Digital text analysis on historical documents
The bag-of-words approach can be applied to many different types of text analysis, from basic word clouds to more complicated principal component analysis, clustering, and topic modeling. For some of the more complicated ways of analyzing text, the text’s addressability becomes fixed (or at least the levels of addressability become disconnected), leaving the historian unable to properly contextualize the results of the inquiry. 3 For example, clustering using a dendrogram can lead to interesting results, but it’s hard to drill down into the clusters to see why each cluster is constructed in its specific way.

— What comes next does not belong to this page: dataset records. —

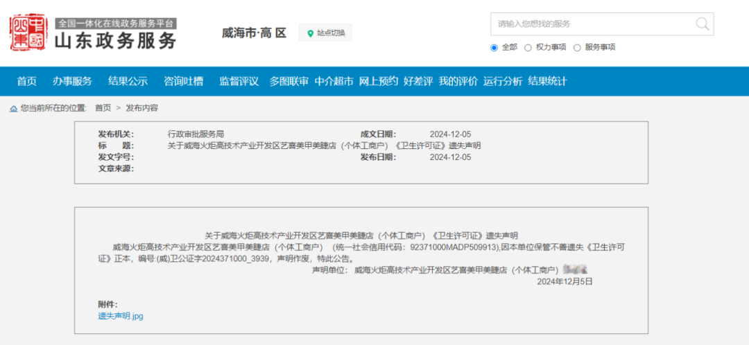 高區(qū)行政審批服務(wù)局從企業(yè)和群眾辦事需求出發(fā),立足“高效辦成一件事”,在高區(qū)政務(wù)服務(wù)網(wǎng)通知公告欄開(kāi)通“許可證遺失聲明”發(fā)布途徑,推行許可證遺失“電子化公告+補(bǔ)換證”一件事,為企業(yè)和群眾提供更加便捷高效的增值服務(wù)。
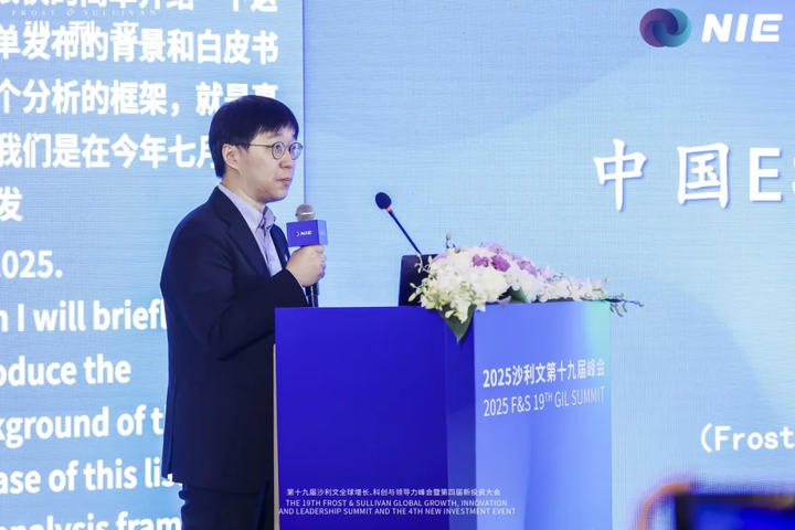 8月27日,由全球领先的增长咨询公司弗若斯特沙利文(Frost & Sullivan,简称“沙利文”)主办的第十九届沙利文中国增长、科创与领导力峰会暨第四届新投资大会(以下简称 “2025沙利文新投资大会”)ESG与新质生产力论坛在上海静安香格里拉酒店隆重举办。
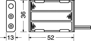 PORTAPILE PER 3 PILE MINISTILO (AAA-UM4). CORPO:polipropilene. CONNESSIONE:fili liberi. LUNG. FILI:150 mm. PER BATTER.NI-MH:30/284. PILE ALCALINE:30/24000 - 30/25000.
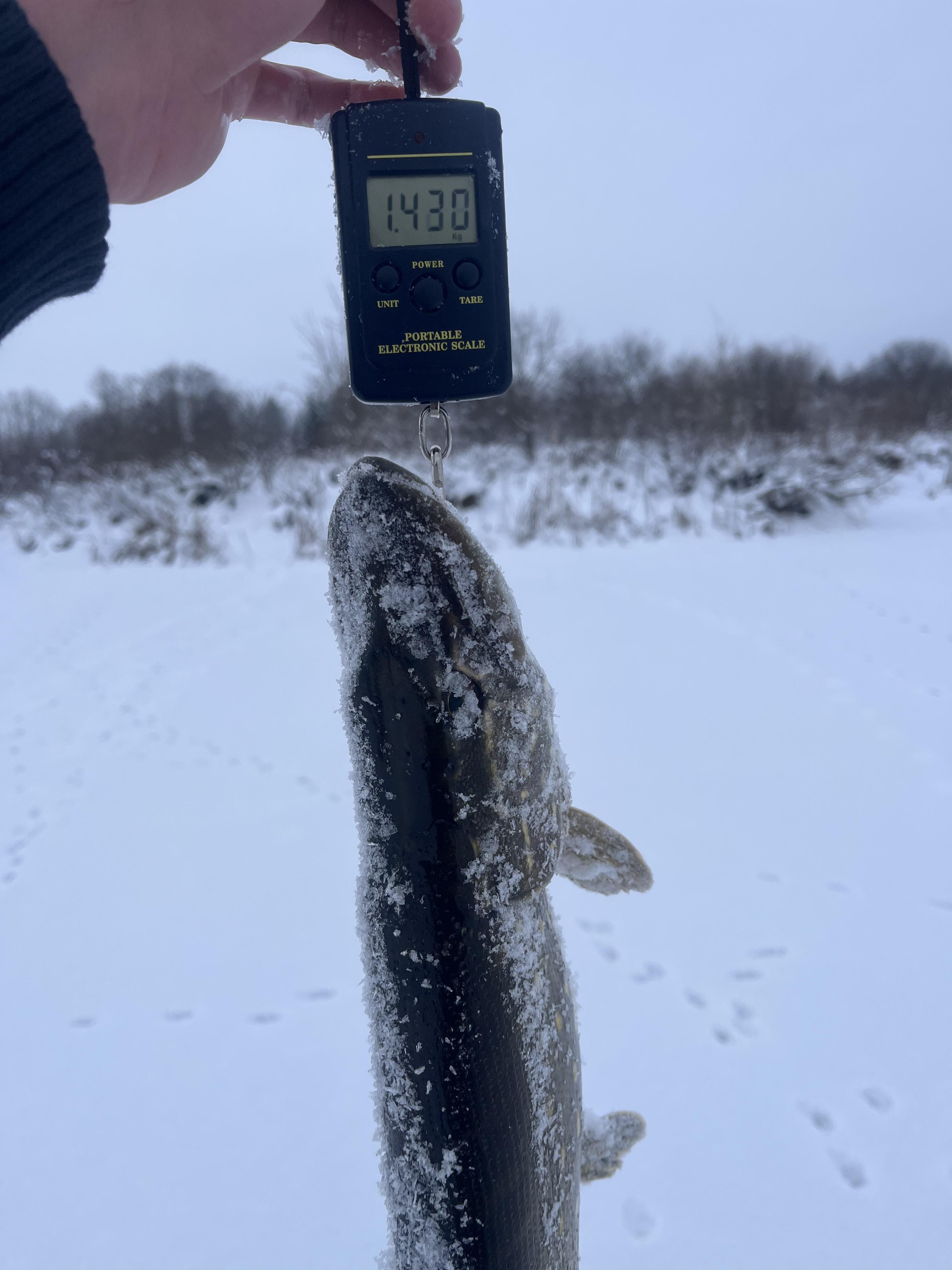 Ну ничего страшного, зарядил по новой и пошёл дальше развлекаться на матросиках)) Через минут 20 опять флажок, но уже на окунька и на меляке в траве( глубина метр от силы, а то и меньше), в отличие от плотвы, что стояла на глубине метра 2. Уже с багориком 😂 пошёл проверять, подхожу, а там разматывает, да активно так, почти все вымотала. Ждать не стал и подсёк сразу. И ловкими( надеюсь)) движениями рук щупачок оказался на льду. Сперва показалась около двушкой, уж сильно упитанная и сильная) но взвешивание показало кило четыреста

For my work, I need a flexible way to analyze text. My corpus is not particularly large, so it’s easy enough to make arguments about the entire corpus using both traditional and computational methods. But I also do want to be able to make some claims at varying scales, addressing these texts at the word, document, and collection level. 4 To get a start on doing some of this analysis, I chose to build a Bookworm, a tool for text analysis similar to the Google n-grams viewer but with the ability to see which text each word appears in, as well as the ability to do some other visualizations besides just the line chart tracking change over time. 5 Word-frequency charts are somewhat blunt instruments, but they can also help us approach the data in new ways. 6
What does my Bookworm do?
Superficially, my Bookworm resembles the Google n-grams viewer written about by Michel et al. 7 However, in important ways, the corpus with which I am working does not resemble the corpora described by Michel et al. The most important difference is the size of the corpus: The Google corpus is more than 500 billion words, where mine is about 1 million. Another significant difference is in the time span of the corpus. The time span of my corpus is about 30 years from the very earliest to the very latest document. The Google Books corpus is, of course, books from every subject. My corpus, by contrast, is about a very specific topic: the Barbary Wars. I’m trying to distant-read a corpus that is able to be completely read in just a few days or weeks. Rather than identifying trends that appear in millions of words of unrelated texts, my Bookworm is meant to help me find trends that get lost in a few thousand very similar texts.
Making the Bookworm
Turning PDFs into text
The six volumes of the Barbary Wars document collection have been digitized by the American Naval Records Society and put online at ibiblio.org. In order to make them usable, I had to first download the volumes and then convert each volume from PDF into a text file. I accomplished this using a Makefile. The Makefile pulled down the PDF of each volume from the web using curl. It then transformed the PDF into raw text using the command-line package pdftotext. Finally, it compiled all 6 volumes’ text files into one big file, since Bookworm prefers one large file with document breaks. 8
In order to clear out unnecessary clutter, when I did the conversion from PDF to text, I excluded the editors’ introductions, as well as the indexes of each volume. This allowed me to have a text file with only the text that would be useful to analyze in the Bookworm.
Cleaning up the texts
The most sensible unit for analysis of these volumes is the document. Each document in the collection has a header at its beginning (something like “To William Bainbridge from the Secretary of the Navy”), and a citation at its end (something like “[NDA. 1545-54.]”). It made the most sense to use these markers to identify where the documents divided. Because the citation format is always identical, with brackets surrounding text that has to include a limited number of abbreviations, it should have been easy to use a series of regexes to identify where the documents should break. However, this proved more difficult than expected due to OCR problems.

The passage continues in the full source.